One of the things that make Federico Durand such a
fascinating artist working within the ambient and experimental genres is just
how diverse he is as a performer. You can hear this diversity implemented from
album to album—whether it is something released as part of a collaboration with
another artist, or one of his solo outputs; nothing ever really sounds the
same, but they all have that familiarity to them that let you know it’s a
product of Durand’s work.
Durand’s latest release—and only effort released in 2018,
and a title that literally translates to the kind of music he makes (Little Melodies)—finds him showcasing
that diversity within one place.
Assembled in tandem with a book of photographs and released
via the prestigious IIKKI label, Pequeñas
Melodías is a short batch of compositions that you wish would never end.
The finds Durand stretching his abilities as a performer and really shifting
sonic tonalities from piece to piece, and it really hits its stride within the
middle section. “Los Juguetes De Minka Podhájská,” “Racimos De Luz,” and “Anís”
is a pitch perfect three track run, effortlessly spanning across Durand’s
palate of sounds, including a hypnotic, decaying, slightly manipulated guitar
loop; sustained, emotionally evocative, and alternating synthesizer tones; and
melancholic, yet hopeful, glistening, rippled tones, casting a warm, Instagram
worthy sunset on everything it touches.
From the pummeling second it opens, all the way through to
its final, swooning moments, On Dark
Horses is an album that never relents.
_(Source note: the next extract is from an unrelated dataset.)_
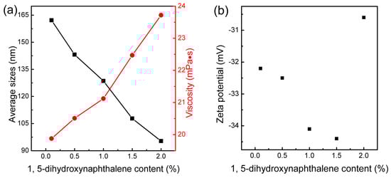 The average grain sizes of the NOWPUs increased from 96.7 to 165.0 nm upon the addition of 1,5-dihydroxy naphthalene (Figure 2a). Meanwhile, the viscosity decreased from 23.6 to 19.8 mPa·s (Figure 2a) as the 1,5-dihydroxy naphthalene content increased. The zeta potential values for the NOWPUs were all lower than −30 mV (Figure 2b).

A short collection of eight songs
(seriously, what was with really short albums in 2018?) Rundle finds a way to
blend a torrent of roaring, distorted guitars alongside an overall foreboding
nature, and still manages to write moments that have gigantic hooks—in some
cases, like on the album’s opening track, “Fever Dream,” the refrain of the
song absolutely soars. In other cases, like “Darkhorse,” the song’s refrain,
while peppered with a tangible darkness, still manages to be infectious.
Even when the pacing of the album begins to slow down after
the midway point, Rundle’s otherworldly, haunted howl never ceases in its
emotional resonance. Based on the title alone, even before you hear the music,
it should be apparent that On Dark Horses
is a dark record, full of a palpable tension and release that still cuts
through every time you listen.
The thing about the self-titled release from British rapper
Manonmars—born Jack Richardson—is that, the more I listen to it, the more I
realize just how clever of an album, lyrically, it is.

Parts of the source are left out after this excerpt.